"And a Nightingale Sang" at Westport Country Playhouse

By Marlene S. Gaylinn

For those who are old enough to remember WWII, this play is an authentic representation of what life was like, particularly in Newcastle England, during the 1940’s. C.P. Taylor, a Scotsman who was born in1929, and lived his last 20 years in Newcastle, was probably too young to be drafted then, nevertheless, his “And a Nightingale Sang,” currently at Westport Country Playhouse, captures the spirit of the ordinary people of this northern, coal mining area who survived this devastating war.

For those who weren’t born yet, here in America, we had the same air raid drills, food rationing and other inconveniences due to WWII, but we suffered very little compared to England.¬† Sitting in our comfortable living rooms, we heard of the indiscriminate German bombing raids on the radio, read the newspapers, and saw the destruction of cities via movie newsreels. However, our men were also risking their lives fighting Hitler and the Japanese. The factories were rolling out planes, ships, tanks and other war supplies day and night, and the home front’s unified spirit to win this war was as strong as it was in England. Nothing like this patriotism called “The War Effort” was ever witnessed by the generations of Americans that followed. After WWII, our half-hearted, foreign wars that were fought “,,,in our interest,” dragged on for years, and became dispirited efforts. For this reason alone, “And a Nightingale Sang” at Westport Country Playhouse is a vivid, human experience for today’s audiences.

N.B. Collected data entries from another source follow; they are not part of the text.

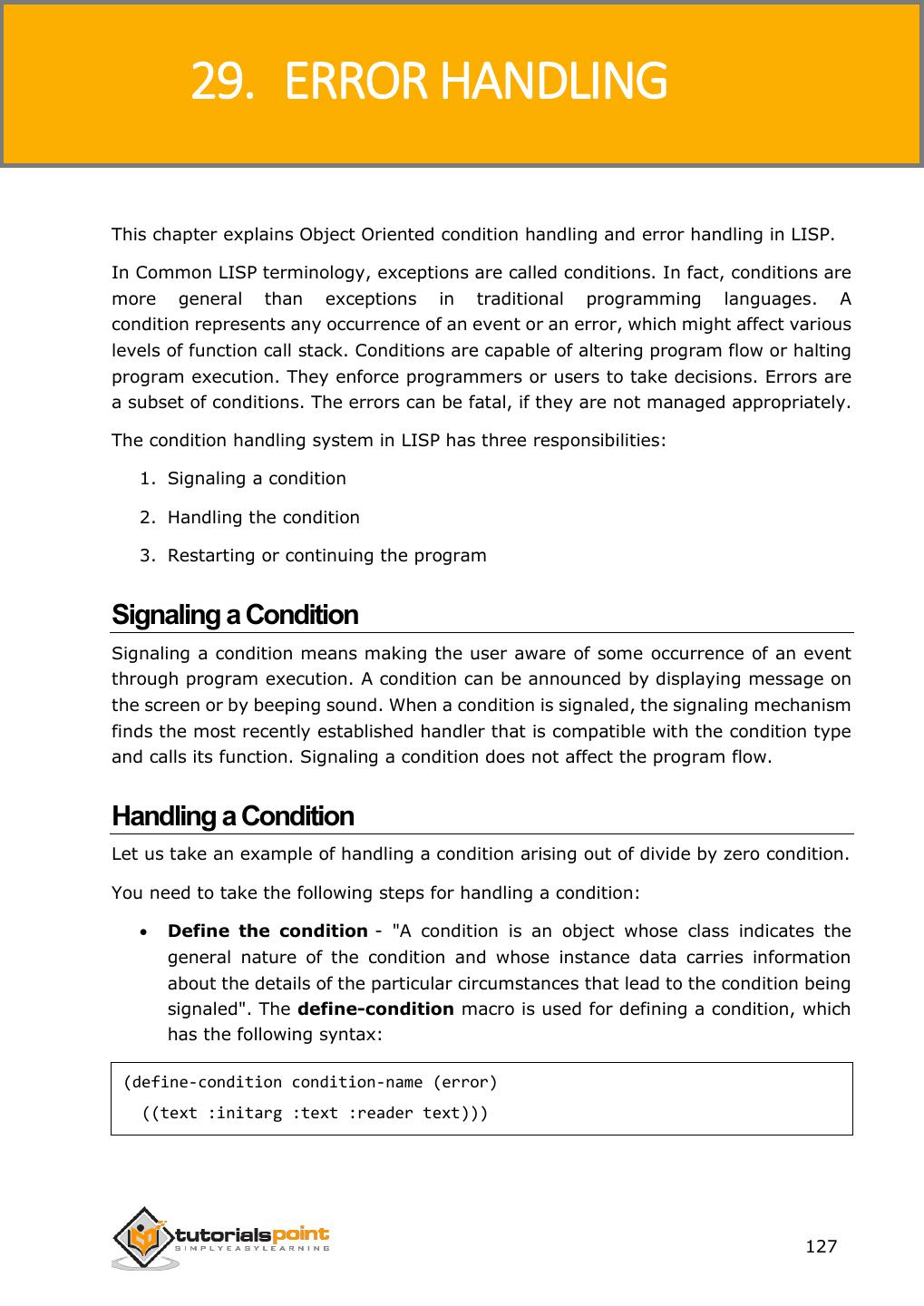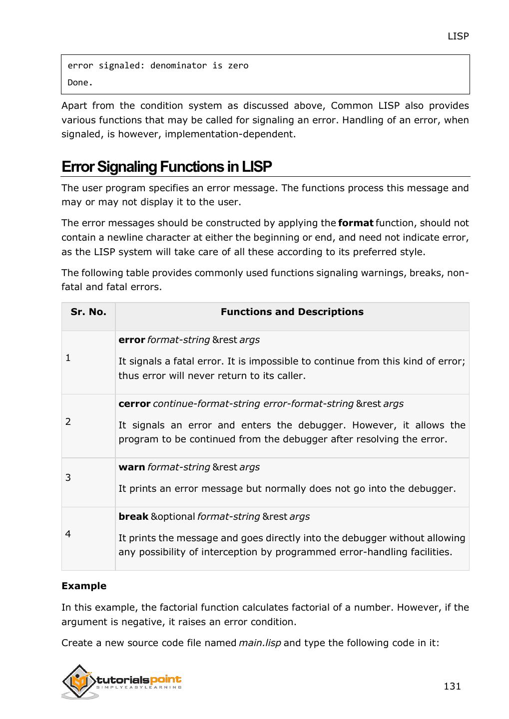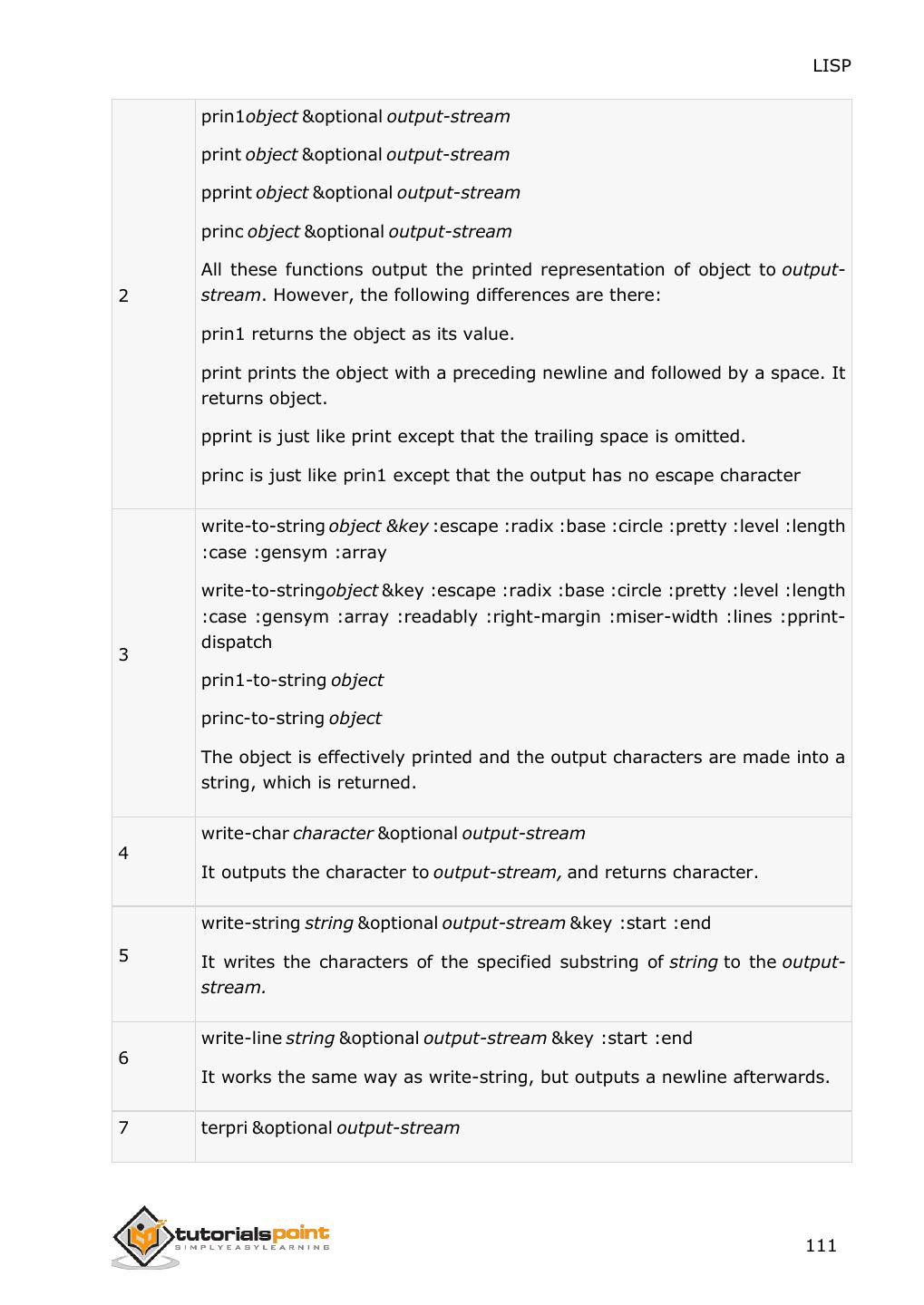 7 . LISP Applying a Specified Function on Hash Table ................................................................................................106 25. INPUT & OUTPUT .........................................................................................................................107 Input Functions .............................................................................................................................................107 Reading Input from Keyboard .......................................................................................................................108 Output Functions ..........................................................................................................................................110 Formatted Output .........................................................................................................................................113 26. FILE I/O ............................................................................................................................................115 Opening Files.................................................................................................................................................115 Writing to and Reading from Files .................................................................................................................116 Closing a File .................................................................................................................................................118 27. STRUCTURES..................................................................................................................................119 Defining a Structure ......................................................................................................................................119 28. PACKAGES .......................................................................................................................................122 Package Functions in LISP ..............................................................................................................................122 Creating a Package ........................................................................................................................................123 Using a Package.............................................................................................................................................123 Deleting a Package ........................................................................................................................................125 29. ERROR HANDLING .......................................................................................................................127 Signaling a Condition .....................................................................................................................................127 Handling a Condition .....................................................................................................................................127 Restarting or Continuing the Program Execution ...........................................................................................128 Error Signaling Functions in LISP ....................................................................................................................131 30. COMMON LISP OBJECT SYSTEMS ............................................................................................133 Defining Classes ............................................................................................................................................133 Providing Access and Read/Write Control to a Slot .......................................................................................133 Creating Instance of a Class ...........................................................................................................................134 vi
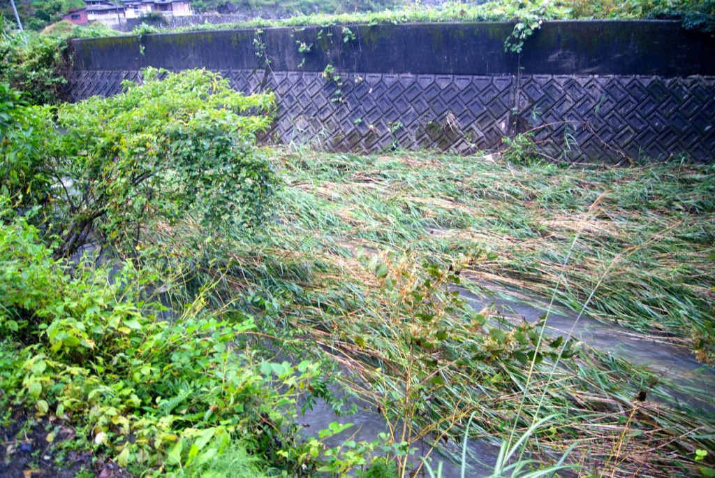 台風の後の川、荒れています。台風のときは水かさが上がります。ただ、年々、河川の拡張工事もしているので、大きくあふれることが少なくなってきています。今年はどうかな?
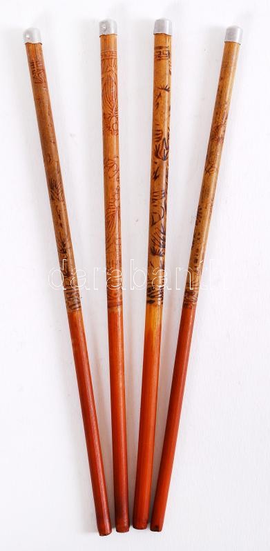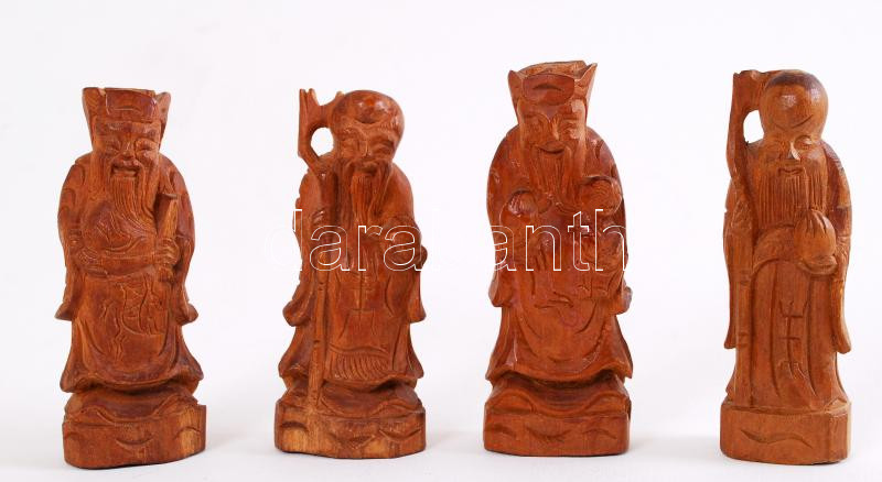 Leírás: Faragott fa kínai szobrok 4 db, fa evőpálcák
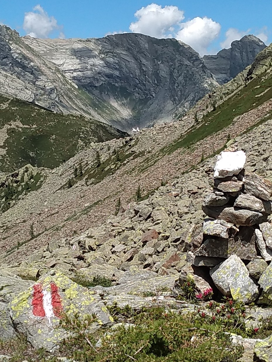 Day 1 I had a late start from Cruina. Leaving Geneva at 35° I was surprised by how much snow there is on the passes. Finding your way is harder, and slower. We had hiked the Griespass a few years ago and were surprised by the aeolian. Now there are 4. Just beyond the pass is a tiny chapel / shelter. In the early 50’s 9 scouts went hiking in perfect weather; 6 came back. As adults, those 6 built the chapel in memory of their friends. Now it is well maintained. I had expected to make it to the next refuge, but was behind schedule. Alpe Nefelgiù was a welcome sight. A stone hut with an elevated wooden platform to sleep on, shelter from the weather; luxury can take on different meanings. I slept well. Day 2 The hut was dark, so I slept in and had a late start. The day started with sunshine, but became overcast. Hiking up the pass was hard, so I was glad I had stopped the previous day. With the snow, the descent was a challenge. Arriving at the refuge it was good to have a simple lunch. John Day 3 The refuge Margaroli, where I stayed, was very friendly. The food was good and I met a few people hiking the same route. The path starts along a lake where many spring flowers are in bloom. I never tire of their beauty. Maybe the long flat stretch allowed me to warm up, but the climb was easier, and I felt I hit my stride. At the “Scatta Minoia” pass I met a group sheltering in a big hut, “Bivacco Ettore”. I have not seen many shelters at the top of a pass. Painted bright red and white it must be easy to see in fog. We all started the long descent together but quickly spread. Snow still covers a lot of the pass. The trail goes the length of lake Devero before reaching Crampionlo. The village has been renovated, renewing the stone_roofed buildings. Alpe Devero is the end of today’s walk. It is larger and more spread out, with many beautiful stone buildings. John Day 4 Leaving Alpe Devero I passed through a group of stone buildings and up a forest path. I came upon a flock of sheep with some goats mixed in. I watched the shepard lead his sheep to a spur; he whistled and they all followed. The path goes through a wide bassin that is soggy due to the late snow. The first pass, Scatta d’ Orogna, had the tamest goats I have met: I turned for a photo but had to swing around and pull away a goat that wanted to eat my backpack. After the descent, walking along the side of a lake in snow, I came to a critical point; I was with a couple of other hikers. The original pass around the cliff face had been damaged by an avalanche in spring. A detour had been built, which meant a long climb down then back up over snow. Six Italians went along the original path and assured us it was safe enough. We decided to follow them. Parts of the path are not even; shards of rock bigger than me are scattered across it. At the second pass, Passo Di Valtendra, we were hit by the wind. We retreated below the pass to take off our backpacks. A couple of minutes at the top for photos were enough. Then I put on my wind jacket, gloves and beanie for the walk down the snow on the other side. Beyond the snow it warmed up as I descended through a forest. Alpe Veglia was the end-point, with a friendly refuge. John Day 5 Today I walked alone yet had some interesting encounters. The terrain was more agricultural. Philippe took one look at me and recognised a like-minded hiker: light shoes and pack, equipped to be independent. He had not got the memo and was walking south to north; most of us are going the other way. His aim is performance and he has walked in 30 days what my book suggests takes 60 days. We exchanged information about good bivouacs and restaurants, then got onto hard-core equipment issues. He even put up his super-light tent, one I have considered many times. Am I going to buy it ….. I do not know how long we talked, but it was fun. On the other side of the pass I came to a road. Although it looked like nobody drove it, I decided to follow it and hitch-hike. Angela gave me lift. We chatted between French and Italian. When we arrived at Varzo, I appreciated the ride all the more because it was a long way. I went to Varzo only to get cash. Leaving was a challenge: no bus, no train, and no easy walk. Nobody offered me a lift either. I walked along the road until it joined the main road. Suddenly I was in a bad place. This road was very narrow with barriers on both sides, lots of fast two-way traffic, and a tunnel ahead; walking it was not an option. Going backwards was not easy either. A speeding small blue car pulled out of the stream and braked hard in front of me. “I saw you were in a bad place and decided to give you a lift”, she said. We chatted easily and she drove me all the way to the Hospice de Simplon. Where I ended up having a glass of wine and sharing stories with a senior Swiss politician (whom I had not recognised). A good day for meeting people. John Day 6 This is a planned rest day at the Hospice de Simplon. I awoke to find it had snowed. John Day 7, 16 July 2019 My stay at the Hospice was pleasant and restful, but I was already restless to be back on the trail. The postal bus took me to Gondo. There another bus was waiting to go to Zwischbergen. So I took that and saved myself 2.5 hours that I anticipated being dull. From Zwischbergen the hiking was through forest, not yet alpine terrain. Once I reached Tschawiner See it was more alpine. If John skinny-dips in an alpine lake and he does not take a selfie, did he make a splash? It was cold; I must be out of practise. At Rifugio Gattascosa a simple lunch of cheese and cold meats was good. Yet it was too early to stop, though the next stage is “easy” and 5 hours. So I decided to keep on; there are other places to stop. Philippe had mentioned a great bivouac. When I reached it I could not believe my eyes. It has all comforts, including a fire stove. I made a fire which took the edge off the chill. Lucas and I chatted to the small hours, mean

In describing the plot, the ancient English saying, “...it’s like carrying coals to Newcastle” comes to mind -- which means, if there is a plot it’s rather “pointless.” If the saying puzzles you, it came about because Newcastle was known to have enough coal of its own. Likewise, there is nothing unusual about the plot except the period it is set in. It’s like an “All in the Family” sit-com. There are some tender moments, some wise and funny observances, two romances, plus a dead dog that needs to be buried. No other significant events take place, and like the ongoing serial, “Love of Life,” nothing is earth shattering. The story continues on and on and the family remains more or less as before.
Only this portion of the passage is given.